### Activity
Copy each line below as it stands, but skip any picture it contains.

### Data segment
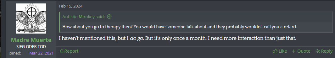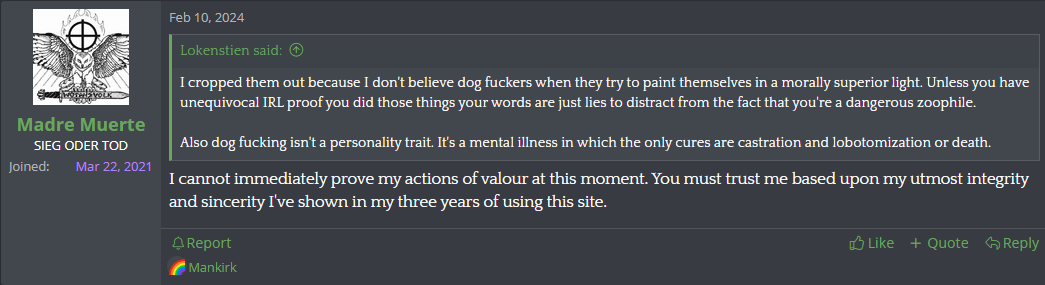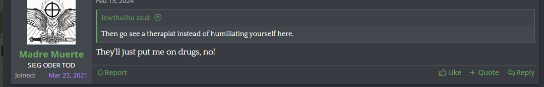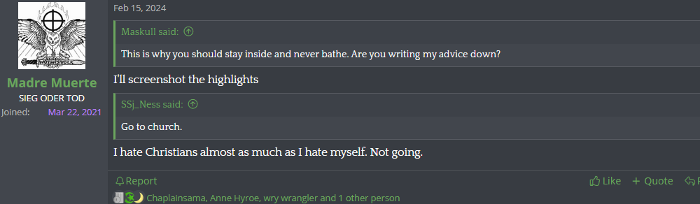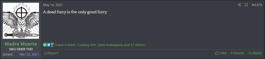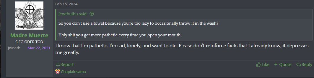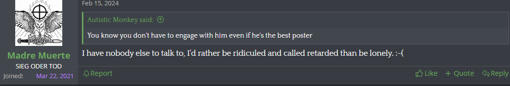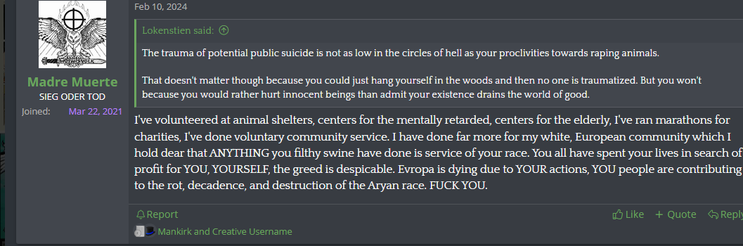 Why is it such a common theme that latinx are white nationalists? "wotans volk" Bro the Germanic tribes who worshiped Odin would've thrown you in a fucking bog for your degeneracy before you even had a chance to fuck kids or kitties. How can you claim to be a racial supremacist if you're bottom of the barrel even on a site like Kiwi Farms? Unless you're one of the non whites who really likes raceplay shit, which is starting to make sense given your F-list. I'm a bit of a /pol/ tard but even I gotta admit that no one makes white supremacists look worse than themselves.
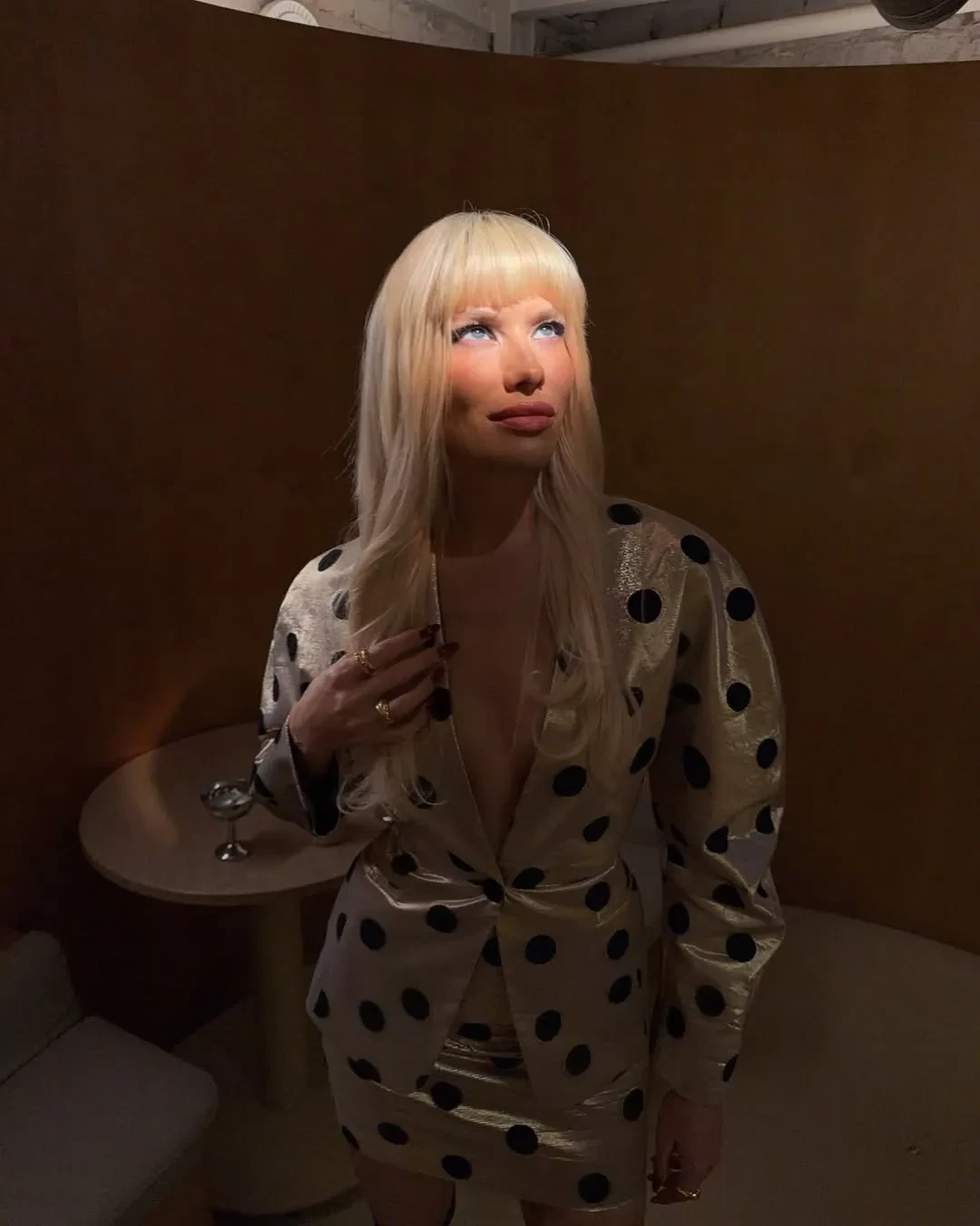 На снимках Перминова позирует в костюме в горох с мини-юбкой российского бренда Selfmade и ботфортах-чулках Blumarine. Образ дополнила укладка с чёлкой — вероятно, накладной.
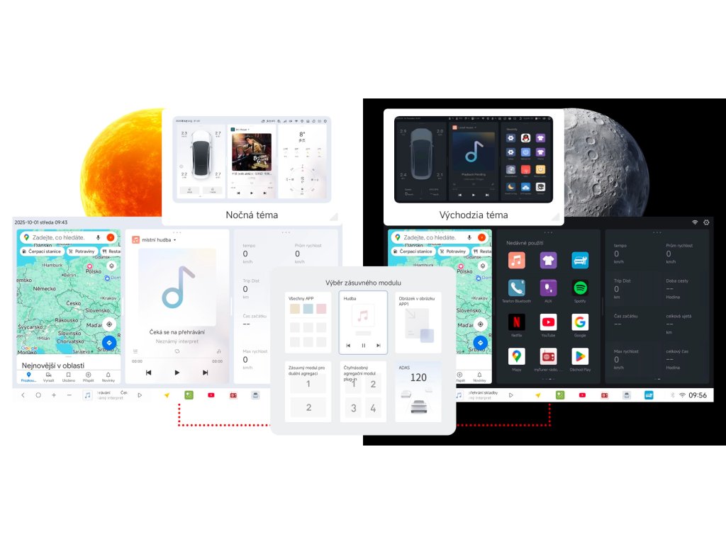 🌙 Denní a noční režim – automatické přepínání podle času nebo podle východu a západu slunce
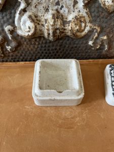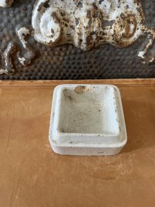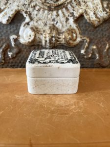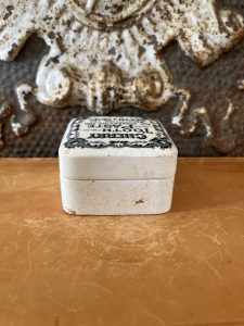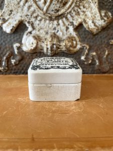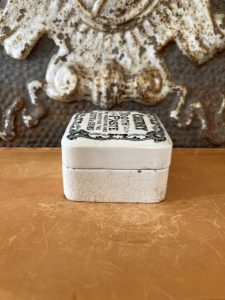 This is an authentic antique advertising pot sourced during my recent buying trip to England. I have been sourcing these wonderful antique pots for over 12 years from friends who are actually digging them up in ancient rubbish sites all over England. I purchased my first antique Advertising pot when my husband and I had the wonderful opportunity to live in England in the 1980’s. Our daughter was born there and we enjoyed living in England so much we often went back to visit after returning to the US.

### Solution for this task
 Why is it such a common theme that latinx are white nationalists? "wotans volk" Bro the Germanic tribes who worshiped Odin would've thrown you in a fucking bog for your degeneracy before you even had a chance to fuck kids or kitties. How can you claim to be a racial supremacist if you're bottom of the barrel even on a site like Kiwi Farms? Unless you're one of the non whites who really likes raceplay shit, which is starting to make sense given your F-list. I'm a bit of a /pol/ tard but even I gotta admit that no one makes white supremacists look worse than themselves.
 На снимках Перминова позирует в костюме в горох с мини-юбкой российского бренда Selfmade и ботфортах-чулках Blumarine. Образ дополнила укладка с чёлкой — вероятно, накладной.
 🌙 Denní a noční režim – automatické přepínání podle času nebo podle východu a západu slunce
 This is an authentic antique advertising pot sourced during my recent buying trip to England. I have been sourcing these wonderful antique pots for over 12 years from friends who are actually digging them up in ancient rubbish sites all over England. I purchased my first antique Advertising pot when my husband and I had the wonderful opportunity to live in England in the 1980’s. Our daughter was born there and we enjoyed living in England so much we often went back to visit after returning to the US.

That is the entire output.